__DIRECTIONS__: Repeat only the lines below from the one containing "4.首次使用支付宝医保账户会有身份确认提示,点击同意授权;" through the one containing "Но! Поскольку многие", inclusive, exactly as written.

__DATA LISTING__:

▶

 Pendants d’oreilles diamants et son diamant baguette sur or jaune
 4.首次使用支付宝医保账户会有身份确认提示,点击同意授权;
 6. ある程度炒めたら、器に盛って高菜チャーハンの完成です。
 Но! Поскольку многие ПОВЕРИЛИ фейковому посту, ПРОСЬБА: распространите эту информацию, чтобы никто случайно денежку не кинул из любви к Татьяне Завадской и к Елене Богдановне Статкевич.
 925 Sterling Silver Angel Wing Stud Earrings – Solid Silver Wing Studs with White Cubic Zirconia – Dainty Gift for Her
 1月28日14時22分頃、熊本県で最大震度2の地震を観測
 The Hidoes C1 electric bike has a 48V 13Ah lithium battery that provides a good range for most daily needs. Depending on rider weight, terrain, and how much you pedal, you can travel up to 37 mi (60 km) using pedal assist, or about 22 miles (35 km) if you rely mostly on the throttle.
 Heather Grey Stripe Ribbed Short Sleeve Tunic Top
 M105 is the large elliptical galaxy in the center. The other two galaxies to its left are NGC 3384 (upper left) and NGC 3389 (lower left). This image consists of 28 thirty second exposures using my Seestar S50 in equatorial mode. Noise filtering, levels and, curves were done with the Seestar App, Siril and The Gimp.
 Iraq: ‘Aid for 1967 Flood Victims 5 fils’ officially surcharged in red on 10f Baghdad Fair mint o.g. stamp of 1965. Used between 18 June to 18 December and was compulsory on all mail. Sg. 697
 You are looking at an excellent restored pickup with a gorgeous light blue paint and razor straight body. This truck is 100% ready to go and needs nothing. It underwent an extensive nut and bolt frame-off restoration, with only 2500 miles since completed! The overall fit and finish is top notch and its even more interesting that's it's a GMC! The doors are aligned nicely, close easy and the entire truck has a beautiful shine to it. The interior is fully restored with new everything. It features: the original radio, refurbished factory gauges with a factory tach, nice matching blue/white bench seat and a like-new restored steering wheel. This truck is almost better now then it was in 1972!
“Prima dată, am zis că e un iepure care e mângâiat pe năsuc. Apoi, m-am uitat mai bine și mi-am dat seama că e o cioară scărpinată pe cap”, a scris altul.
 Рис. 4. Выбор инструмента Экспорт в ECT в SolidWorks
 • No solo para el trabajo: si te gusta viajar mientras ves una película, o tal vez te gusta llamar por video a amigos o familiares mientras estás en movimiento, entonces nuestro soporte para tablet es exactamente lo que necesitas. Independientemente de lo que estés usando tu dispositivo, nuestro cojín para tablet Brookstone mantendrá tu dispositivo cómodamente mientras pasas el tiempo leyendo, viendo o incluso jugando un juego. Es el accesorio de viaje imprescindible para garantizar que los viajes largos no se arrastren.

◀

__EXERCISE RESULT__:
 4.首次使用支付宝医保账户会有身份确认提示,点击同意授权;
 6. ある程度炒めたら、器に盛って高菜チャーハンの完成です。
 Но! Поскольку многие ПОВЕРИЛИ фейковому посту, ПРОСЬБА: распространите эту информацию, чтобы никто случайно денежку не кинул из любви к Татьяне Завадской и к Елене Богдановне Статкевич.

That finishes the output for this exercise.